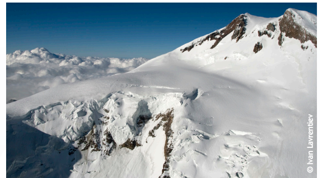
Site de forage sur le plateau Ouest de l'Elbrouz (5 100 m).

Le forage et l'analyse des carottes de l'Elbrouz sont des opérations soutenues par la Fondation Russe pour la Science (projet 17-17-01270) et par le projet ICE MEMORY . L'expédition est soutenue par l'Institut de Géographie de l'Académie des Sciences de Russie, qui célèbre son centième anniversaire en 2018. Pour célébrer ce jubilé, une conférence scientifique internationale se tiendra à Moscou en juin et rassemblera des chercheurs et géographes mondiaux de haut niveau.
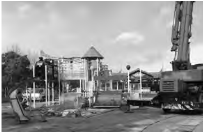
インクルーシブ遊具設置工事
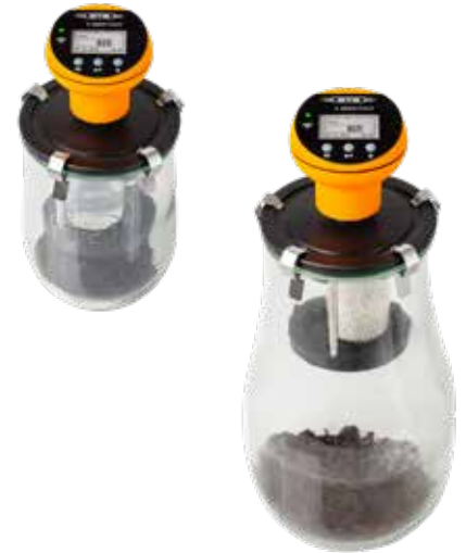
OxiTop®-IDS B6M 2.5 pour tests AT4
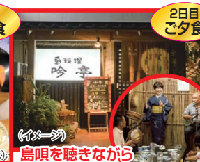
島唄を聴きながら郷土料理 (イメージ)
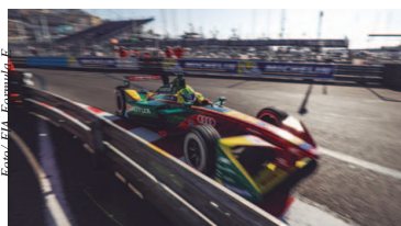
Lucas di Grassi vem de vitória no México e segundo lugar em Mônaco

Lucas di Grassi quer se manter na ascendente na sexta etapa da temporada da Fórmula E, que acontece neste sábado (20) nas ruas de Paris, exatamente uma semana após a prova de Mônaco, onde o piloto brasileiro conquistou o segundo lugar em uma batalha acirrada nas voltas finais pela vitória com o líder do campeonato Sébastien Buemi. A diferença entre ambos na bandeirada foi de apenas 0,3 segundo. Página 6
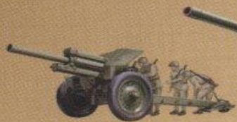
122-мм гаубица (М-30) обр. 1938г.
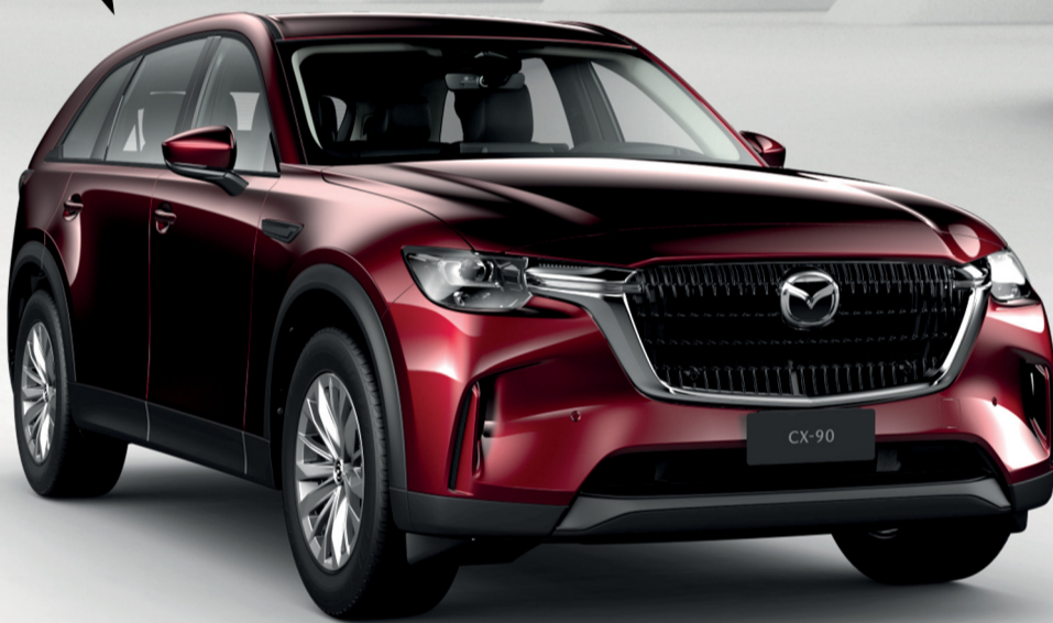
مازدا CX-90 سعة 3.3 لتر تيربو MHEV
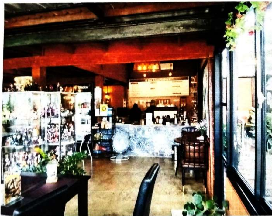
ภาพที่ ๘ การตรวจสถานที่จำหน่ายอาหาร
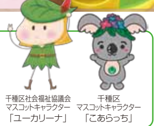
千種区社会福祉協議会 マスコットキャラクター 「ユーカリナ」
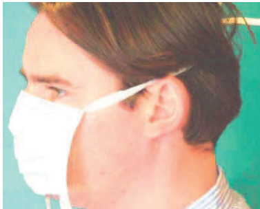
4. richtiger Sitz der oberen Haltebänder
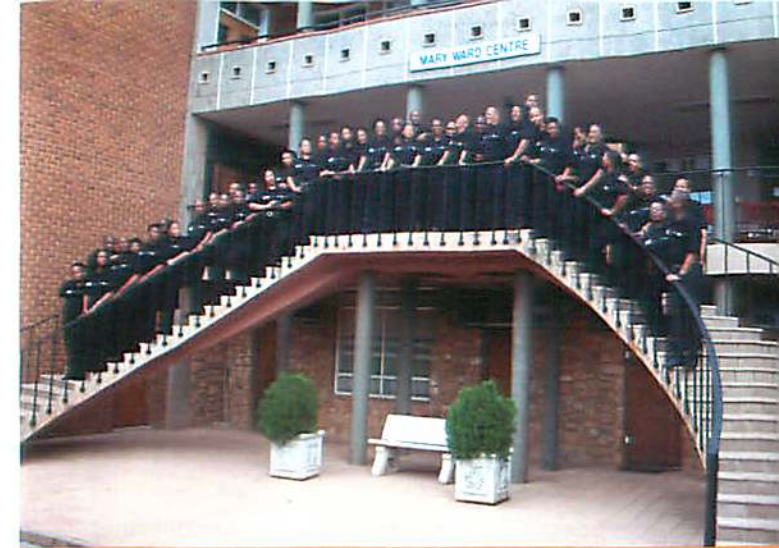
„Akasia Lutheran Church Choir“

In der Zeit von 10:00 Uhr - 12:30 Uhr und von 14:00 Uhr - 16:00 Uhr wird eine Kinderbetreuung angeboten.
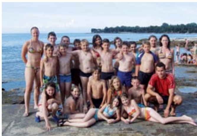
Na morje smo odšli, plavat se učiti!

Učenci 5.A razreda so se od 15. do 21. junija 2008 udeležili letne šole v naravi v Savudriji. Program je potekal po pripravljem načrtu in bil uspešno izveden. Pri pouku plavanja je bil poudarek na učenju tehnike prsnega in kravl sloga, na igratih v vodi in na skokih v vodo. Učenje plavanja je potekalo dopoldan in popoldan po dve uri in pol. Učence smo prvi dan ocenili in jih razvrstili v tri skupine, med plavalce, neplavalce in tiste, ki so že imeli nekaj znanja.
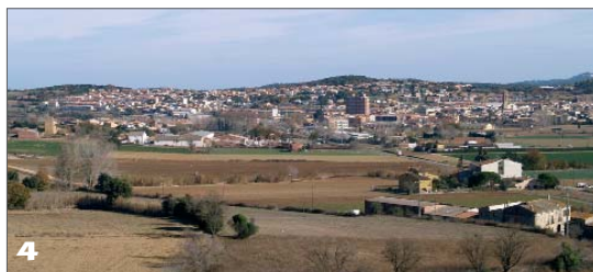
La variant travessaria pels camps entre la Bisbal i Cruïlles, on aniria un enllaç amb la GI-664.

L'anunci del conseller de Política Territorial i Obres Públiques, Joaquim Nadal, al diari El Punt el 4 d'agost passat va fer sonar totes les alarmes. I això que no era el primer cop que Nadal es posicionava a favor de l'opció sud; el 2002 com a Secretari d'Infraestructures del PSC, ja escrivia en aquest sentit. Nadal apuntava el 4 d'agost que un estudi tècnic substituïria l' Estudi d'impacte ambiental de 2006 demostrant que l'opció sud és millor que la nord, ja que aquest, segons deia, va quedar ràpidament desfasat. En un article d'opinió personal publicat a Diari de Girona el 2 de setembre, afirmava que aquest nou treball assenyalarà "la sud com a opció preferent" tot i que també matisava en el text que "el director general de Carreteres [Jordi Follia, natural de Sant Sadurní] és favorable a l'opció nord". El mateix Nadal havia dit un mes abans a El Punt que
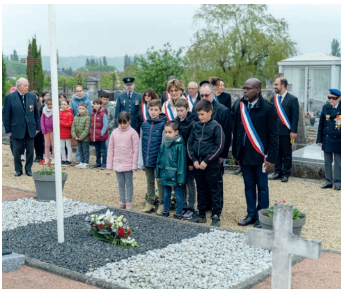
Monument aux morts de Jouarre.

Mercredi 8 mai, la ville de Jouarre a commémoré la victoire des armées françaises et de leurs alliés au monument aux morts de la ville. À 9h, les habitants se sont rassemblés sur le parvis de la mairie et ont défilé en cortège jusqu'au monument aux morts. La cérémonie a débuté par un dépôt de gerbes en hommage à ceux qui ont perdu la vie pour la liberté . Ensuite, des messages ont été lus pour rappeler l'importance historique de cette journée et honorer la mémoire des soldats.
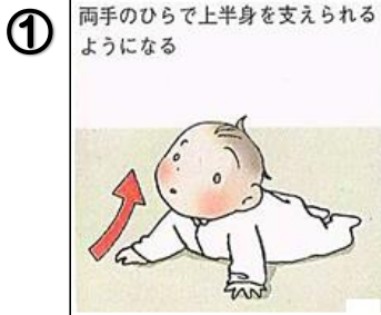
イラスト: 赤ちゃんのからだBOOK (株)海竜社より引用
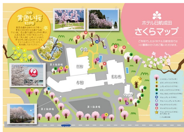
敷地内の散策用「さくらマップ」もご用意
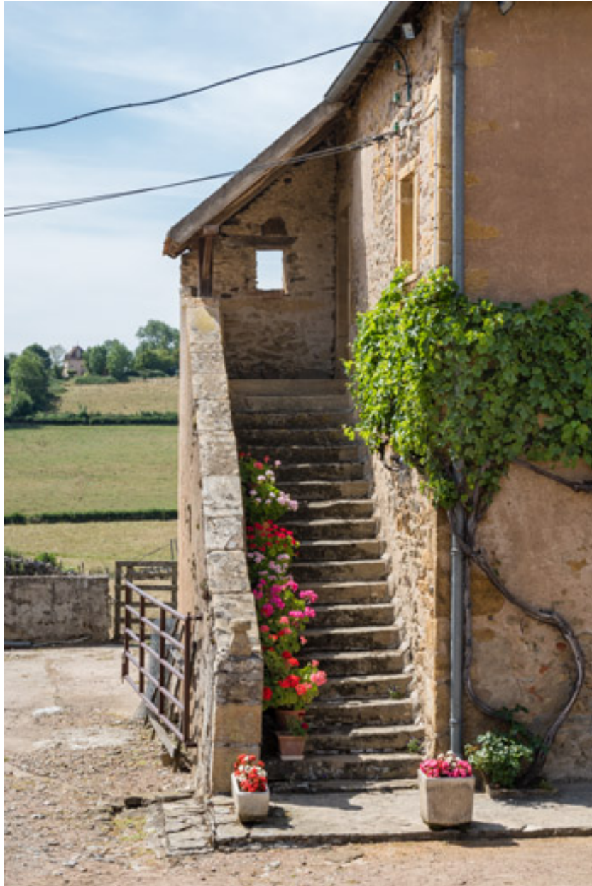
Escalier extérieur, sur la façade latérale de la maison, qui donnait accès à l'étage
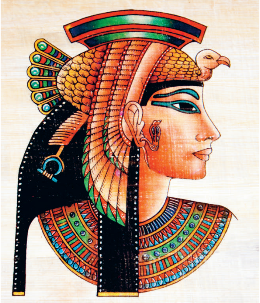
↑ ЕГИПЕТСКАЯ ЖИВОПИСЬ НА ПАПИРУСЕ
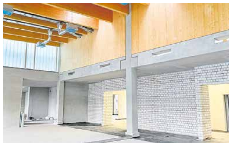
Blick ins Gebäude C (Elektrotechnik): Der Innenausbau ist hier in vollem Gange.

abgeschlossen und die ersten Innenausbauarbeiten laufen. Die Nordseite (Gebäude F-I) folgt, sobald die Gebäudehüllen mit Glaselementen und Sandwichpaneelen vollständig geschlossen sind. Dort entstehen die Werkstätten für Land- und Bauma-
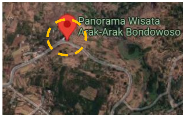
Gambar 1. Lokasi Penelitian

Jenis penelitian ini termasuk pada jenis penelitian Research and Development , di mana tujuannya adalah guna menyempurnakan atau mengembangkan suatu produk yang telah ada berdasarkan konsep yang dapat dipertanggungjawabkan. Adapun lokasi yang dijadikan obyek dalam penelitian ini yaitu tikungan di Jl. Raya Wringin Arak-Arak (KM 15), yang bertepatan dengan lokasi wisata alam Arak-Arak Kabupaten Bondowoso Jawa Timur.
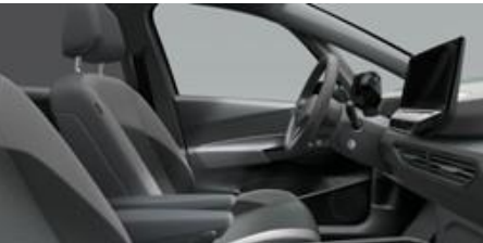
Notranjost Style platinasto siva/temno siva Pusti pečat z edinstvenim dizajnom
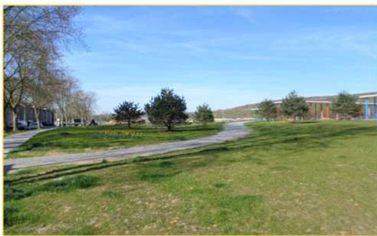
- 공원 사진 (공원 입구) -
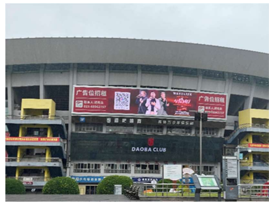
奧體中心體育場外牆活動看板
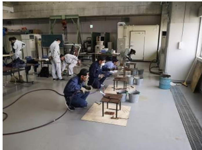
ろう付け加工の様子
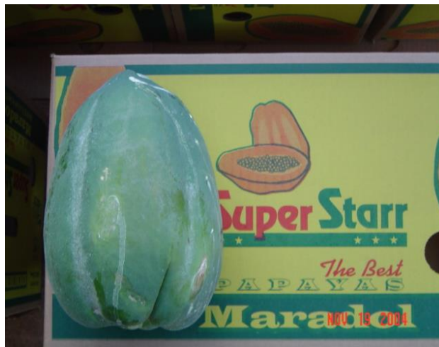
Figura 30. Fruta hembra de forma esférica.

El empaque es a granel envueltas en papel periódico, se transporta en camiones que pudieran llevar de 15 a 20 ton.
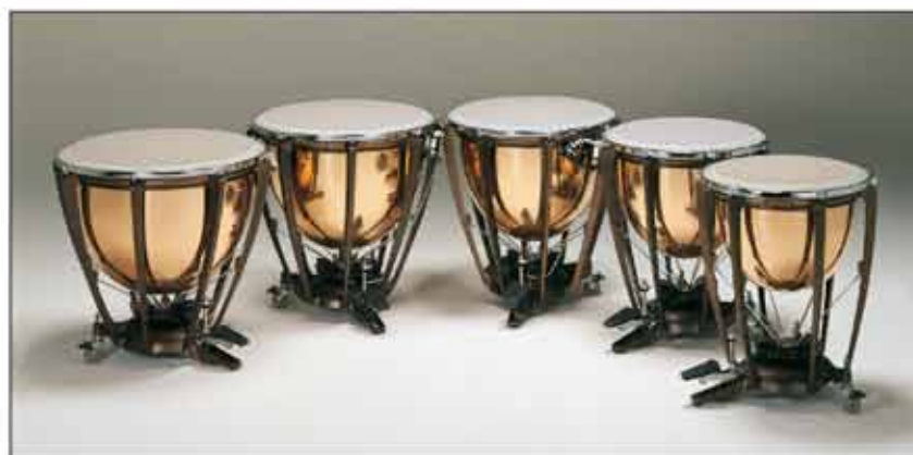
TIMBALES A PEDALE
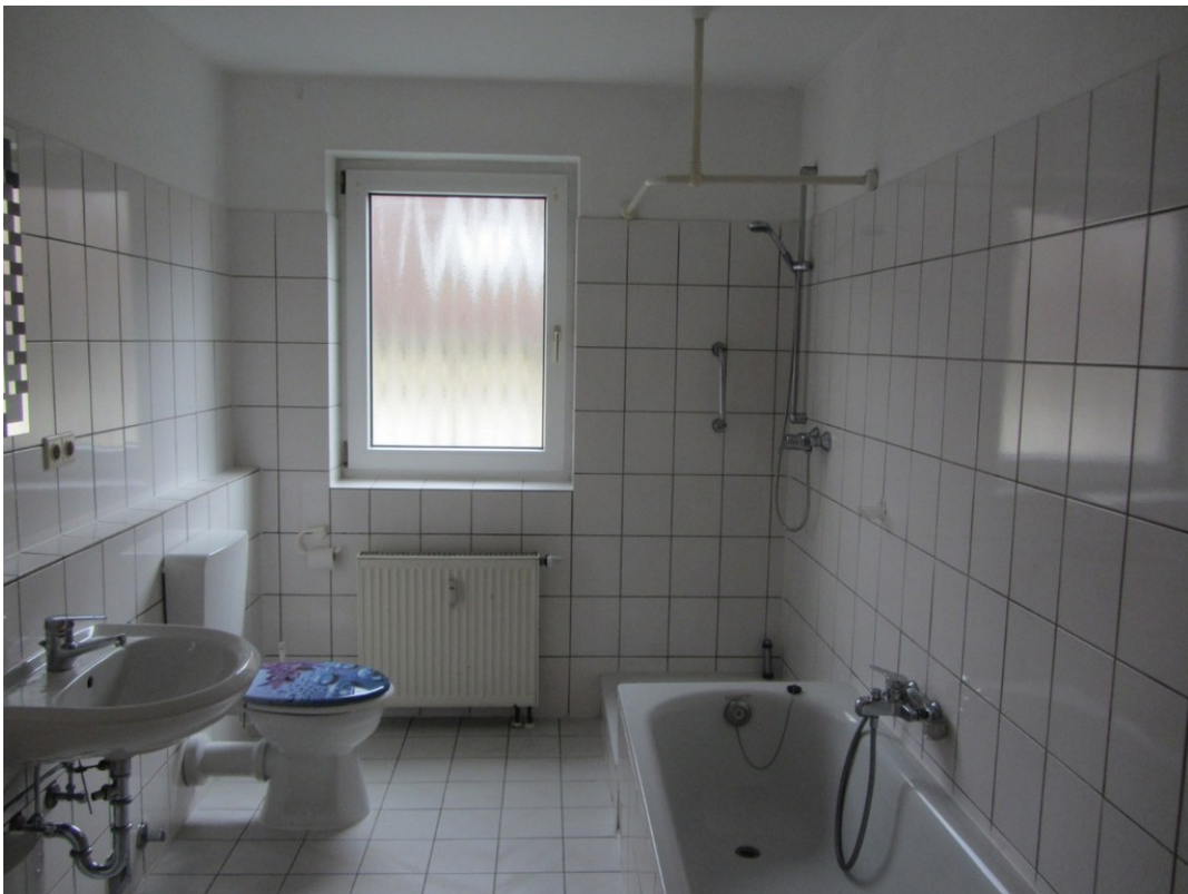
Badezimmer - www.immobilien-he

TASK BRIEF:
Lines of the listing that include the string "morts" are to be counted; state that count alone.

WRITTEN RESPONSE:
2